Kirsten Madsen et al. J Am Soc Nephrol. 2010 Mar.

Abstract

Pharmacologic or genetic deletion of components of the renin-angiotensin system leads to postnatal kidney injury, but the roles of these components in kidney development are unknown. To test the hypothesis that angiotensin II supports angiogenesis during postnatal kidney development, we quantified CD31(+) postglomerular microvessels, performed quantitative PCR analysis of vascular growth factor expression, and measured renal blood flow by magnetic resonance. Treating rats with the angiotensin II type 1 receptor antagonist candesartan for 2 weeks after birth reduced the total length, volume, and surface area of capillaries in both the cortex and the medulla and inhibited the organization of vasa recta bundles. In addition, angiotensin II type 1 antagonism inhibited the transcription of angiogenic growth factors vascular endothelial growth factor, angiopoietin-1, angiopoietin-2, and the angiopoietin receptor Tie-2 in cortex and medulla.
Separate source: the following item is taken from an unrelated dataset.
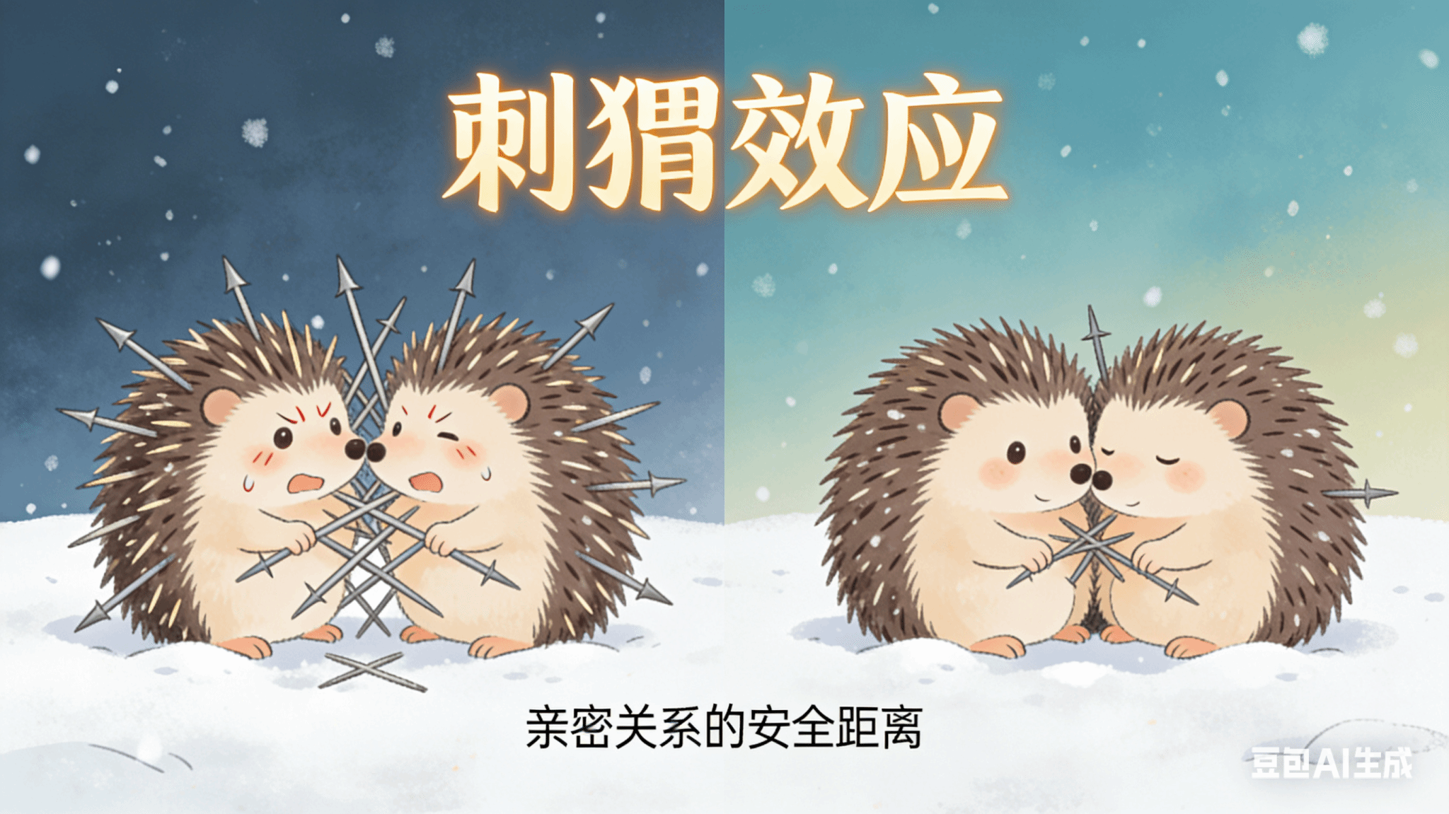 刺猬效应的起源,是一则充满隐喻的实验:寒冷的冬日里,两只刺猬为了取暖相互依偎,可身上的尖刺却让彼此遍体鳞伤;当它们下意识保持一定距离后,既避开了伤害,又能感受到对方传递的暖意。这一实验恰如其分地映射了人类的亲密关系 —— 每个人都像带着 “尖刺” 的刺猬,这些 “尖刺” 便是我们的 “心理边界”,它是自我认知、个人空间、价值底线的集合,是保护我们不被过度侵犯的屏障。
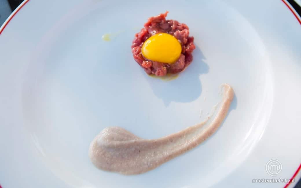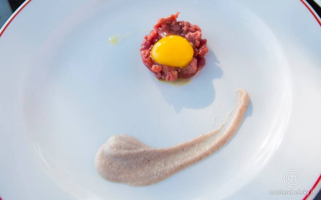 Impiattare una striscia di crema di castagne, una porzione di tartare e un tuorlo. Aggiustare di olio evo, sale e pepe.

Similarly, Agtr1a(-/-);Agtr1b(-/-) mouse kidneys had decreased angiopoietin-1, angiopoietin-2, and Tie-2 mRNAs at postnatal day 14. To test whether increased urinary flow leads to microvascular injury, we induced postnatal polyuria with either lithium or adrenalectomy, but these did not alter vascular endothelial growth factor expression or vasa recta organization. Compared with vehicle-treated rats, renal blood flow was significantly (approximately 20%) lower in candesartan-treated rats even 14 days after candesartan withdrawal. Taken together, these data demonstrate that angiotensin II promotes postnatal expansion of postglomerular capillaries and organization of vasa recta bundles, which are necessary for development of normal renal blood flow.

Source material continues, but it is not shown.